8. A digital terrain model reconstruction device, characterized in that, include: The data acquisition module is used to acquire a training dataset; wherein the training dataset includes multiple training data subsets, each of the training data subsets includes a high-resolution optical training image, a low-resolution digital surface training model, and a high-resolution digital terrain model sample corresponding to the high-resolution optical training image and the low-resolution digital surface training model. A network training module is used to construct a multi-stage progressive reconstruction network and train the multi-stage progressive reconstruction network using the training dataset to obtain a trained multi-stage progressive reconstruction network; wherein, the multi-stage progressive reconstruction network includes multiple cascaded reconstruction stages. The network processing module is used to acquire high-resolution optical images and low-resolution digital surface models of the target area to be reconstructed, and input the high-resolution optical images and low-resolution digital surface models into the trained multi-stage progressive reconstruction network. Through the multiple cascaded reconstruction stages, the high-resolution optical images and low-resolution digital surface models are upsampled and the residuals are refined step by step to obtain a target resolution digital terrain model corresponding to the target area to be reconstructed.

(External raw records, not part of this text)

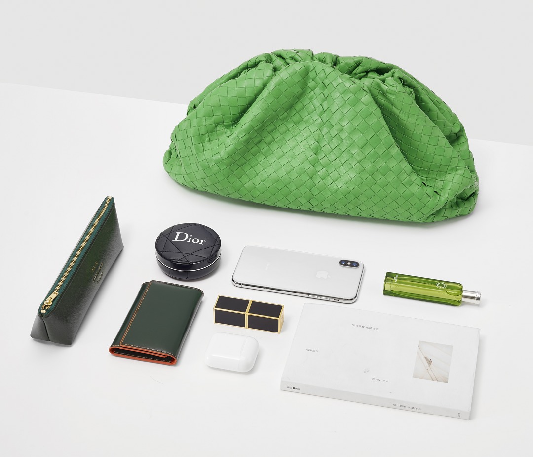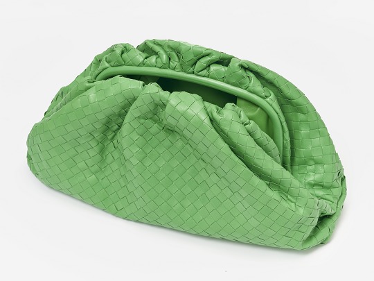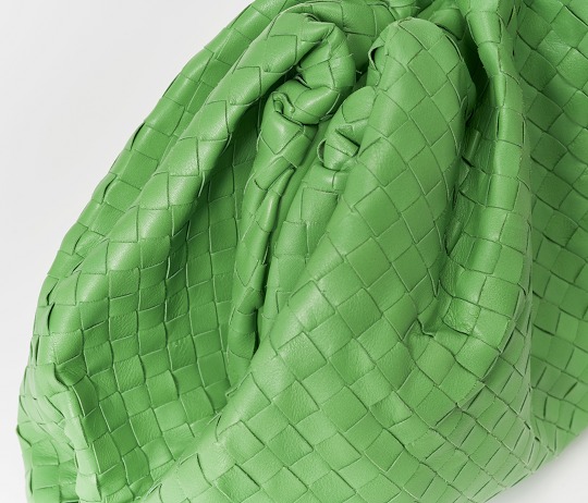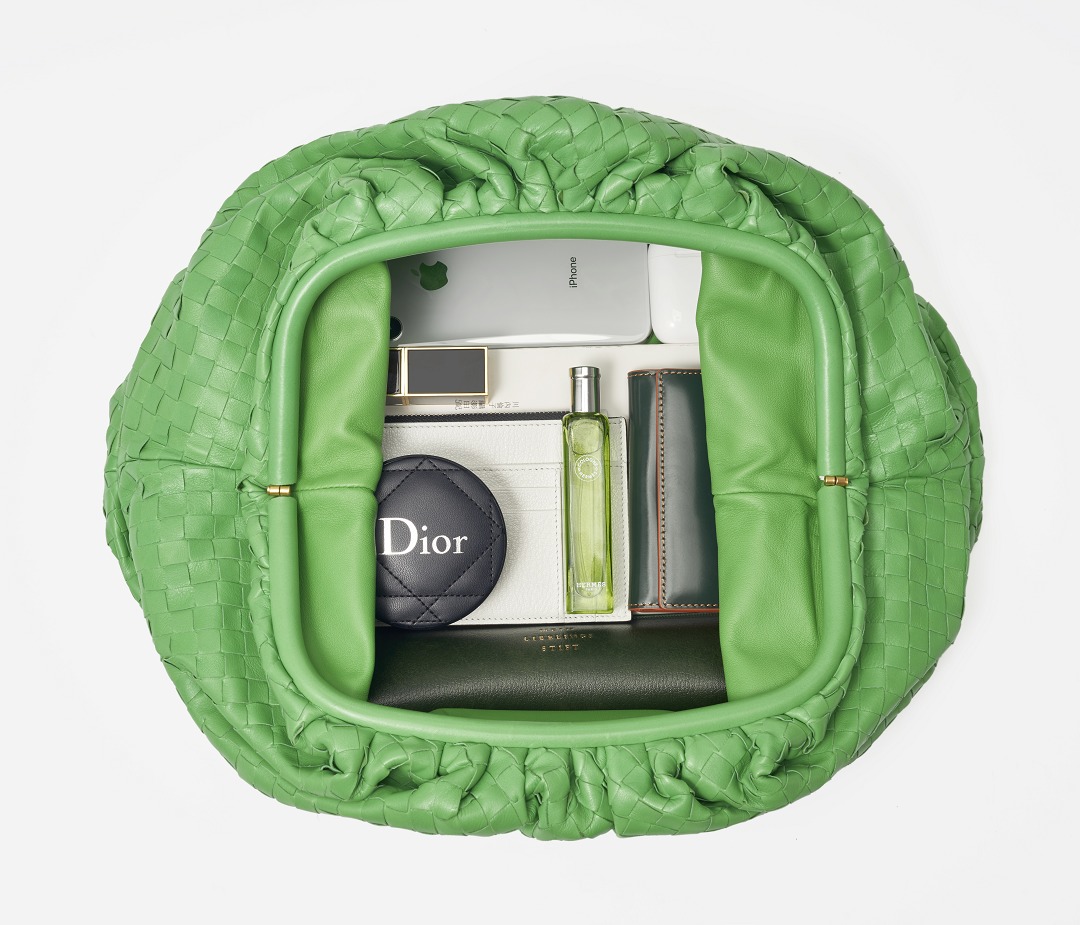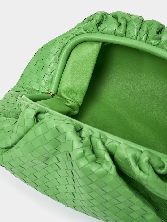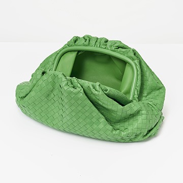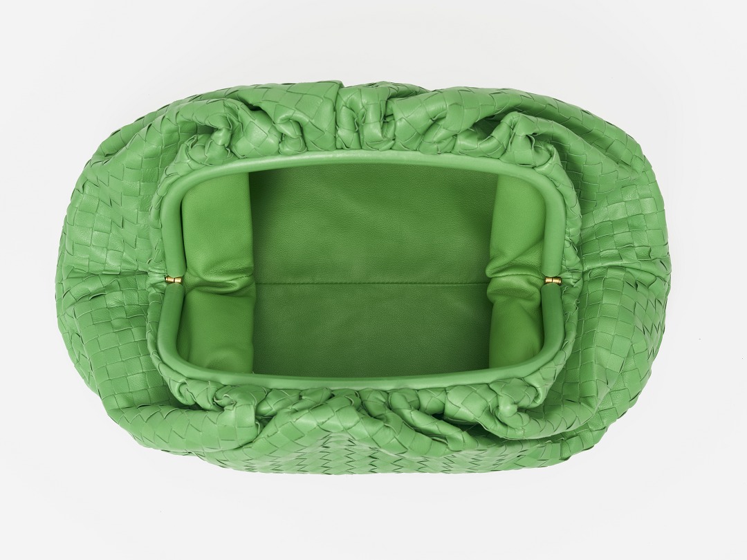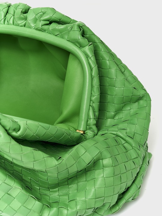 The metal frame of the bag is covered with calfskin of the same color, buried in the wrinkled outline of the top of the cloud. The lining is also grass green glossy calfskin , which feels delicate and soft.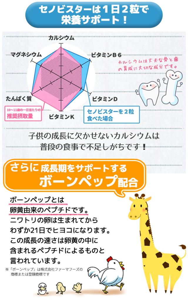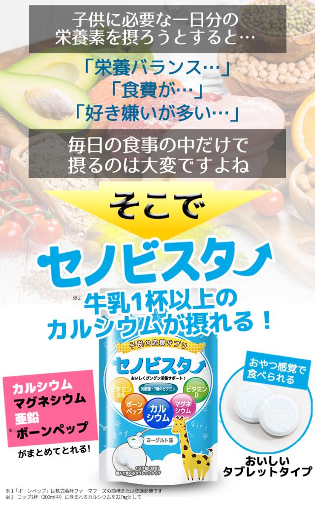 セノビスターは子供の成長期・小食・偏食・部活動に栄養バランスを考えた子供サプリです。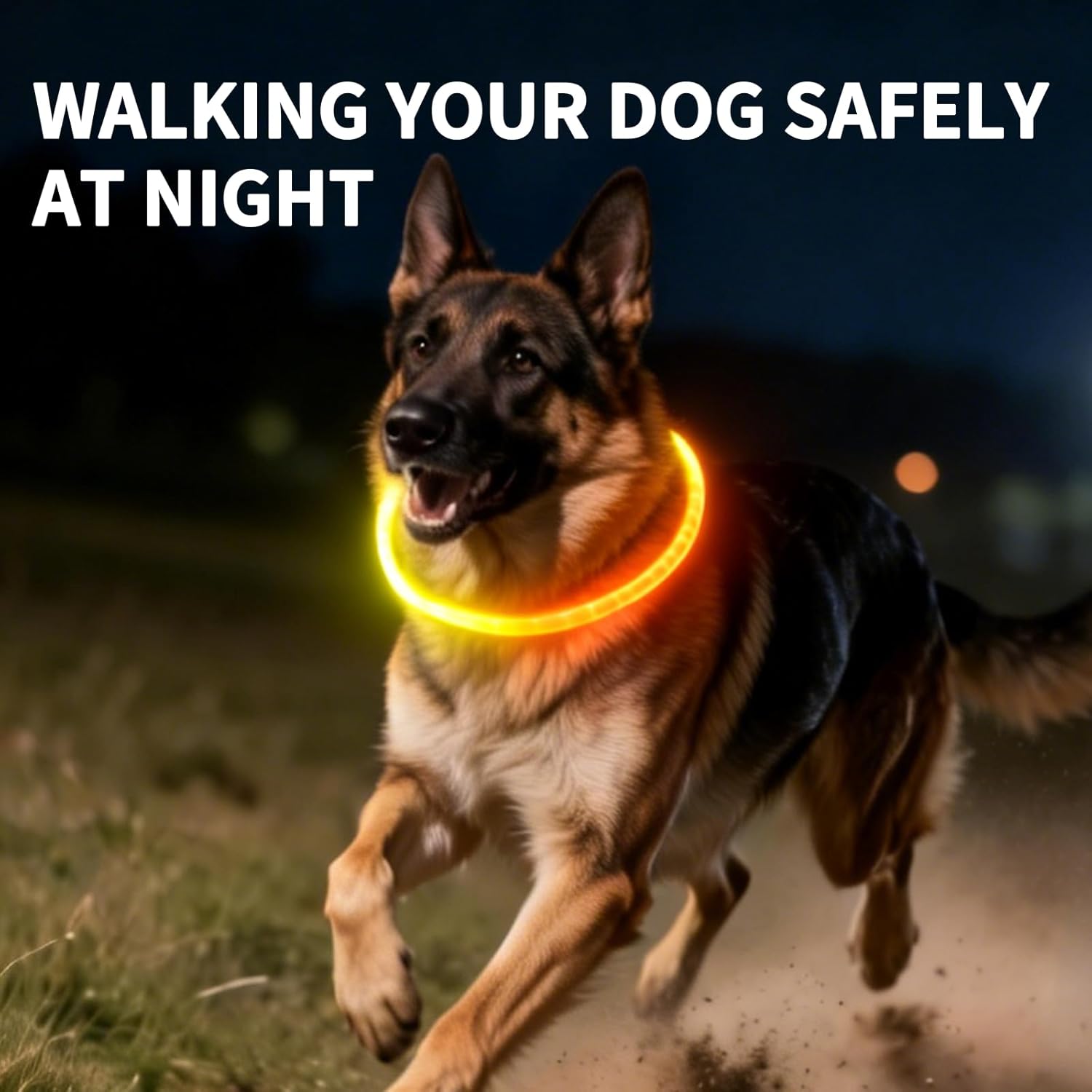 360° VISIBILITY: Boasts stunning rainbow LED glow with 360° full illumination, visible up to 500 meters in low-light/dark conditions and equipped with 4 super bright flashing modes. Eliminates visual blind spots to keep your dog safe from cars, bikes and other hazards during night walks, camping, hiking or outdoor adventures, effectively preventing pet loss.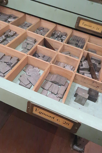 書体ごとに活字を収めるヴィンテージの引き出し。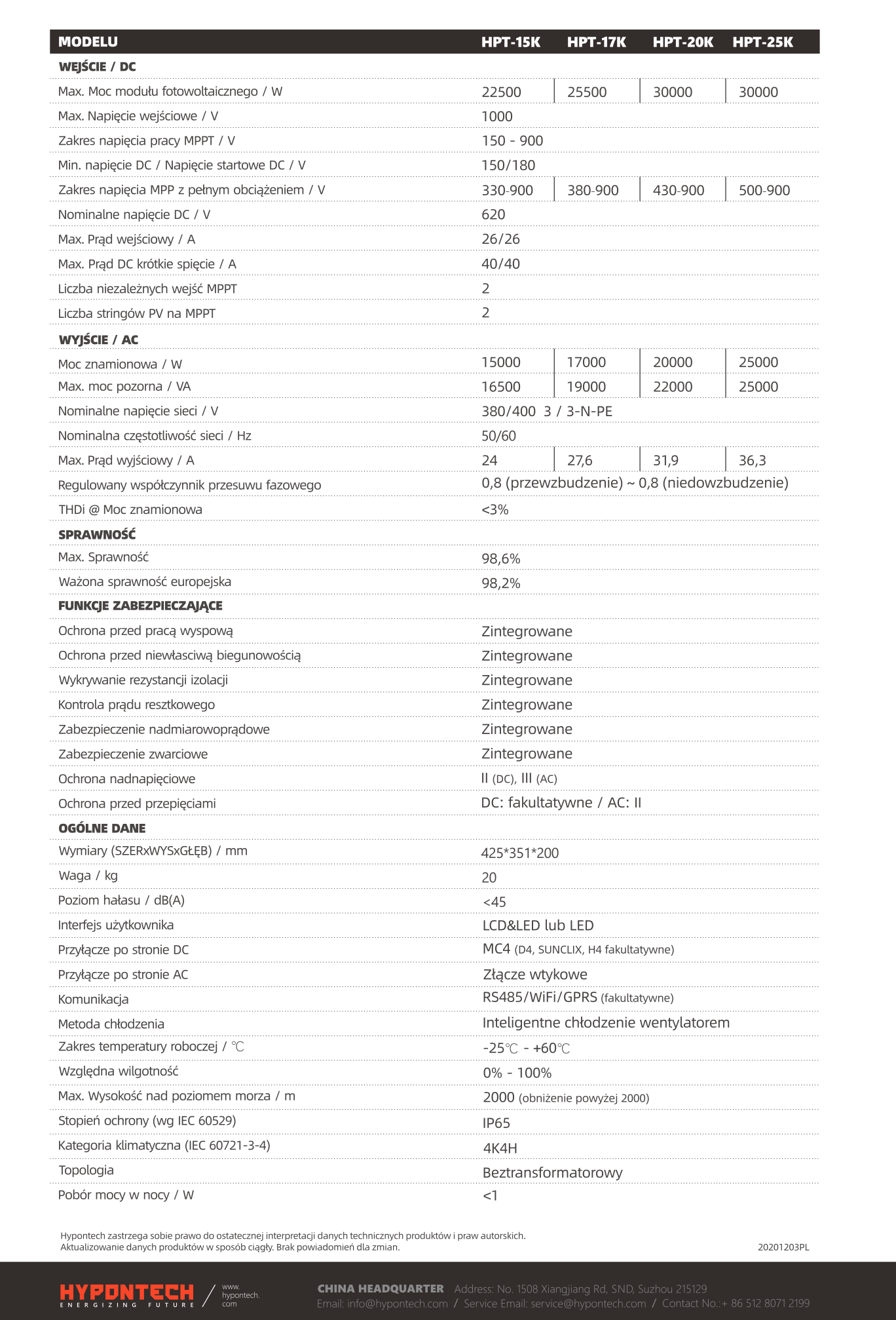 Poniższa tabela przedstawia szczegółowe dane techniczne inwerterów serii HPT (przykładowe dane):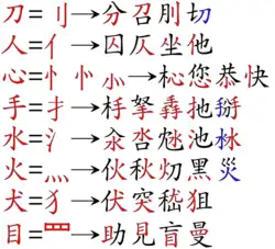 Par exemple, dans le caractère 媽  mère »), le radical de gauche (女), qui se prononce en chinois mandarin, est à la fois une indication sémantique (l'idée de femme) et la clé de dictionnaire sous laquelle le caractère est rangé. Inversement, le radical à droite du caractère, 馬 , fournit ici une indication purement phonétique : ce caractère signifie « cheval », sans rapport aucun avec le sens de « mère ».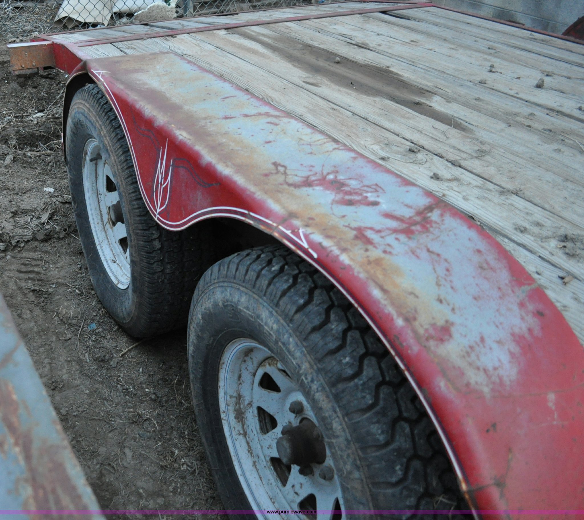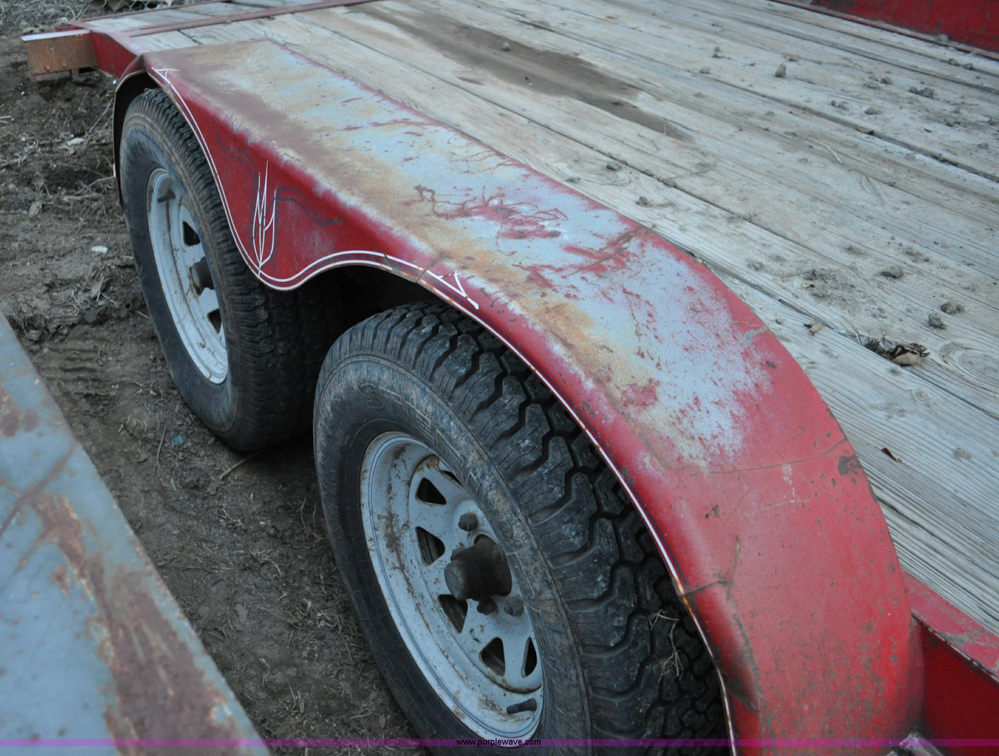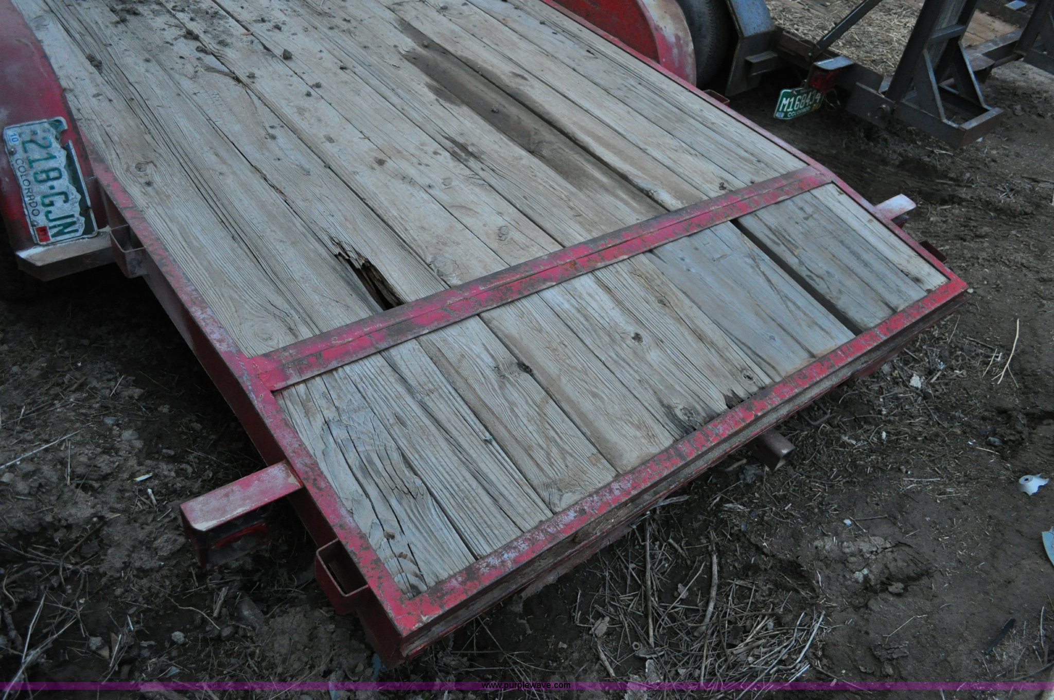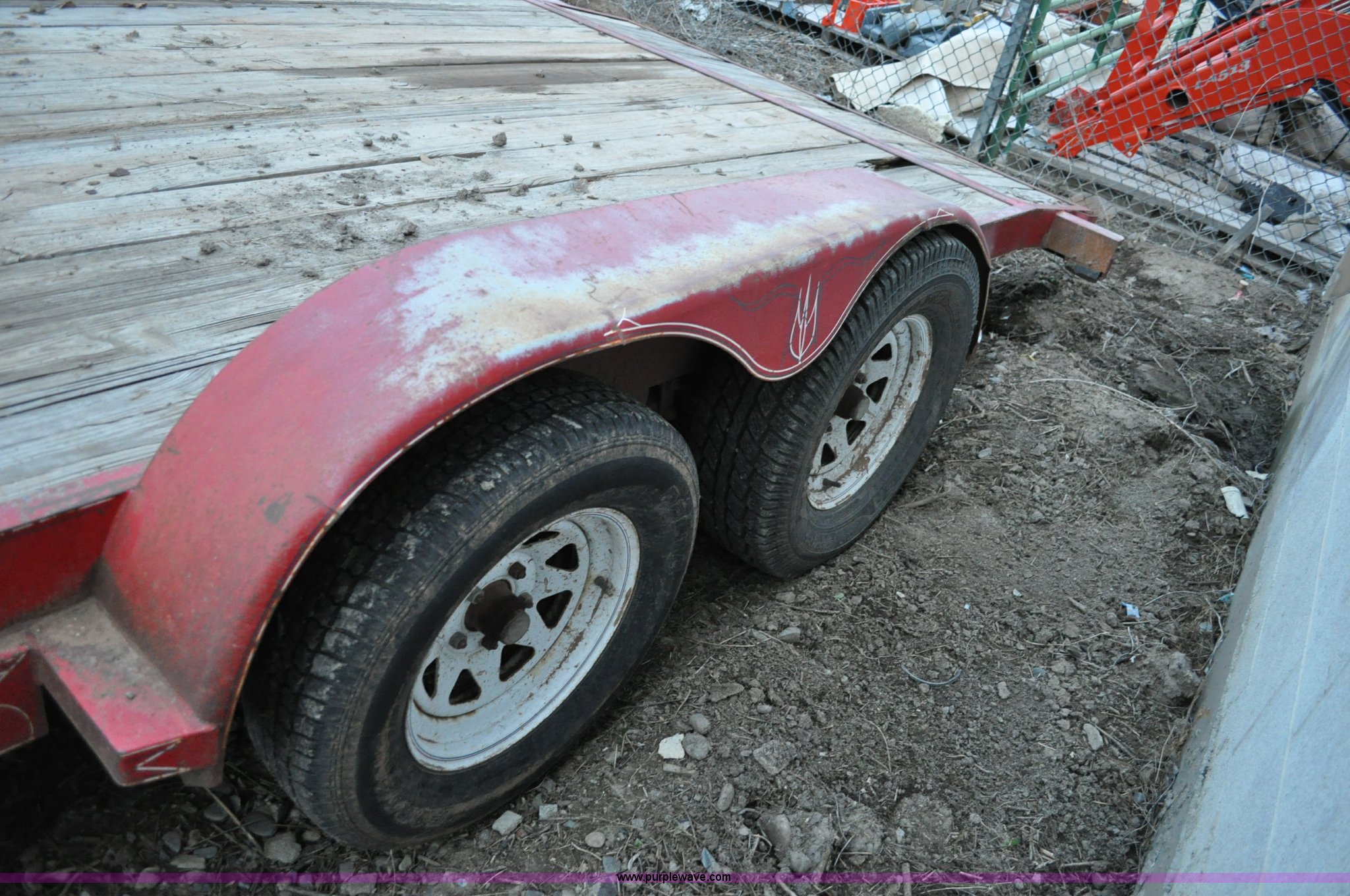 Purple Wave is selling a used Car or Utility Trailer in Colorado. This item is a 2001 JJ trailer with the following: 16' deck, 2' dove tail, 7' wide, Hitch receiver on rear of trailer, 215/75R15 tires, Some damage to deck

9. A storage medium having a computer program stored thereon, characterized in that, When the computer program is executed by a processor, it implements the method of any one of claims 1 to 7.

10. A computer device, comprising a storage medium, a processor, and a computer program stored on the storage medium and executable on the processor, characterized in that, When the processor executes the computer program, it implements the method of any one of claims 1 to 7.